§ **Requirement**: Instruction for the entries below: return the part that opens with the line containing "7、重新起鍋,放少許油,將蔥" and closes with the line containing "Eyoyo Новый стильный", exactly, and no pictures.

§ **Data provided**:
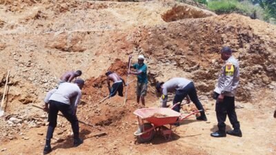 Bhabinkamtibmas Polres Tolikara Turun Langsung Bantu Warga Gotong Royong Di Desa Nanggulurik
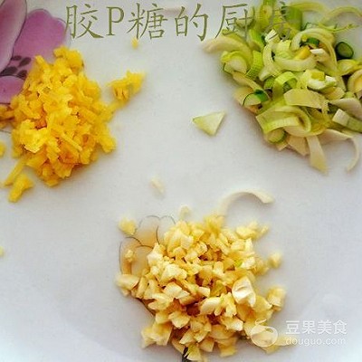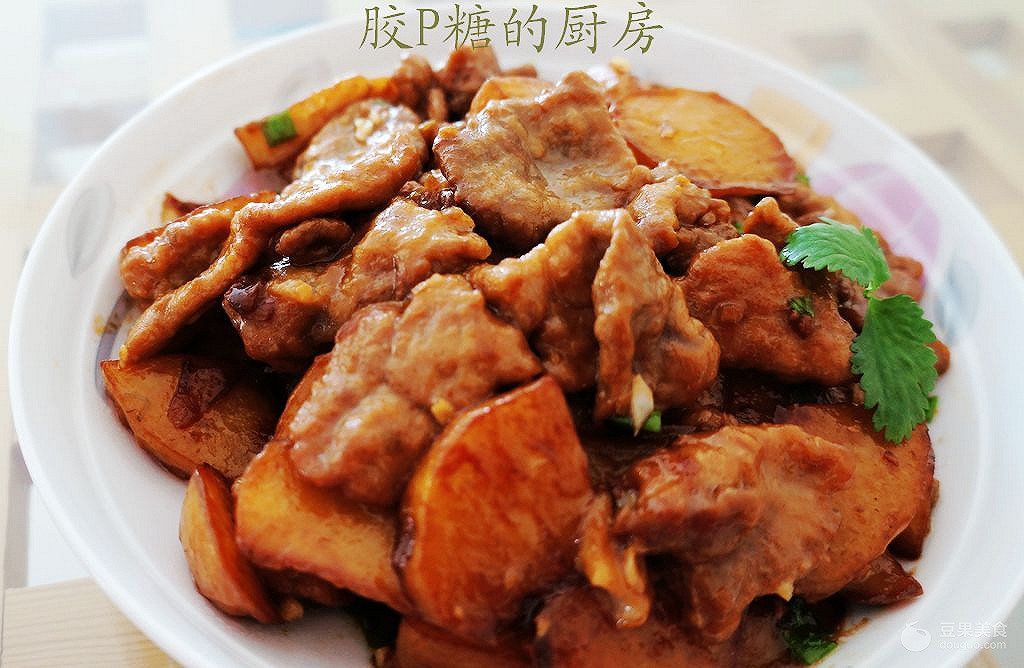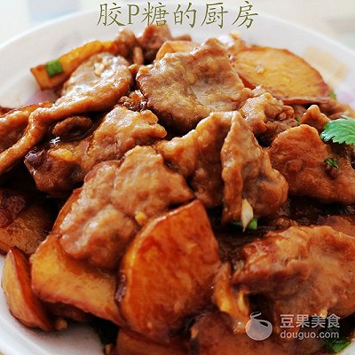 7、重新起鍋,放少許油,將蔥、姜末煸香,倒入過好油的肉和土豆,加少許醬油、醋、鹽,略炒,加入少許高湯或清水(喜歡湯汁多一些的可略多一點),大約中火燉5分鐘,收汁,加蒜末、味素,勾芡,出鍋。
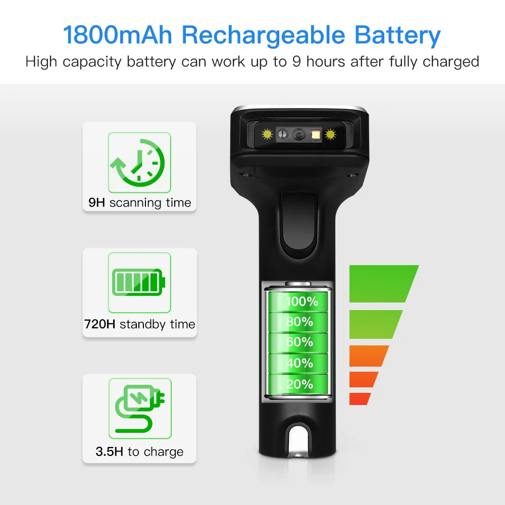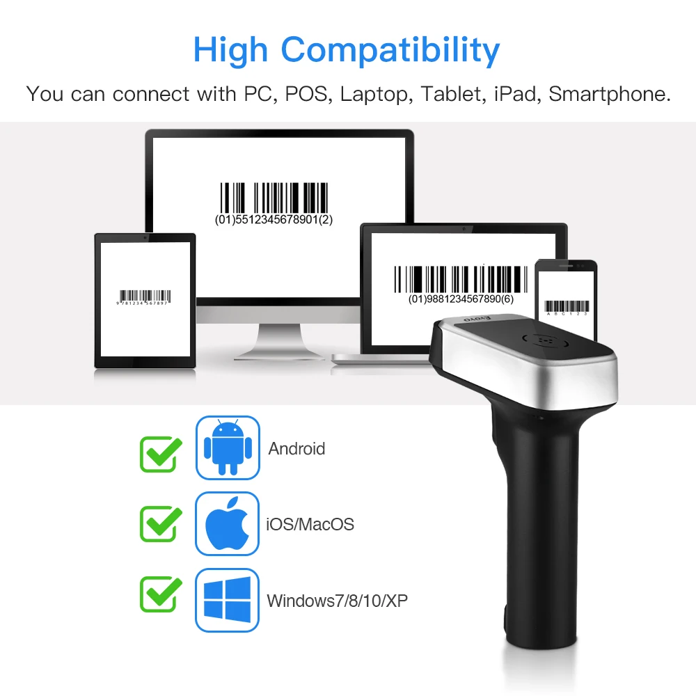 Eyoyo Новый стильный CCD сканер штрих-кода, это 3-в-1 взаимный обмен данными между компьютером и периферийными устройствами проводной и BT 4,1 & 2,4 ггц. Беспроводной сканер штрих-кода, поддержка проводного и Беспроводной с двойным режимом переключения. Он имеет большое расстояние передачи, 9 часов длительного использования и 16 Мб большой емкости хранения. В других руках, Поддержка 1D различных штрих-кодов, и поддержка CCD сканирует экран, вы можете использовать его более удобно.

* * *

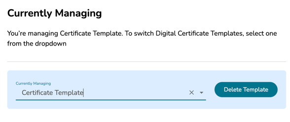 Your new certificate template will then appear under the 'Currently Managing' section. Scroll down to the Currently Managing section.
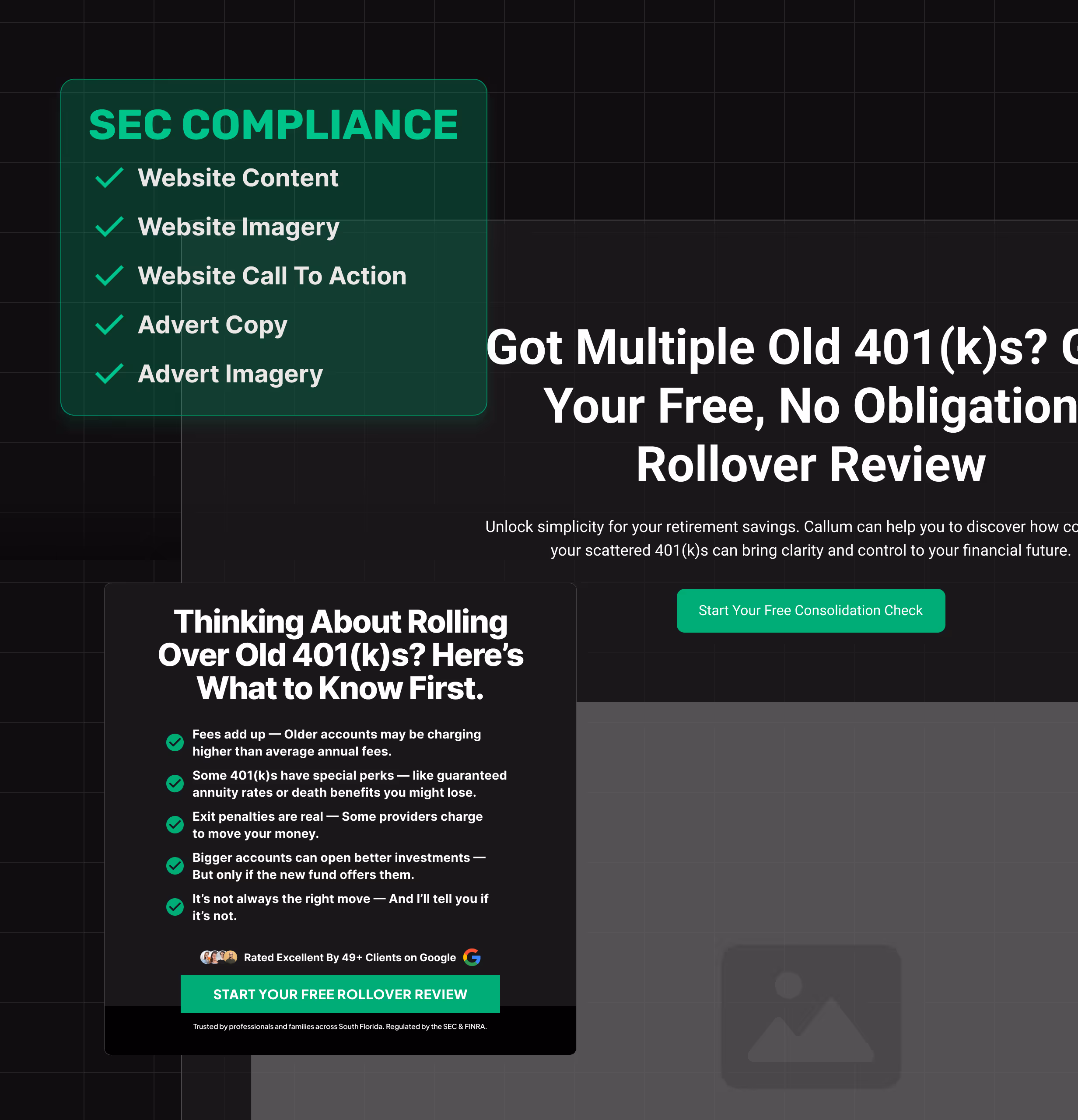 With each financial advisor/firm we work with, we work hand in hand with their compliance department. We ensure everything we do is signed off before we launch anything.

§ **Written answer**:
 7、重新起鍋,放少許油,將蔥、姜末煸香,倒入過好油的肉和土豆,加少許醬油、醋、鹽,略炒,加入少許高湯或清水(喜歡湯汁多一些的可略多一點),大約中火燉5分鐘,收汁,加蒜末、味素,勾芡,出鍋。
 Eyoyo Новый стильный CCD сканер штрих-кода, это 3-в-1 взаимный обмен данными между компьютером и периферийными устройствами проводной и BT 4,1 & 2,4 ггц. Беспроводной сканер штрих-кода, поддержка проводного и Беспроводной с двойным режимом переключения. Он имеет большое расстояние передачи, 9 часов длительного использования и 16 Мб большой емкости хранения. В других руках, Поддержка 1D различных штрих-кодов, и поддержка CCD сканирует экран, вы можете использовать его более удобно.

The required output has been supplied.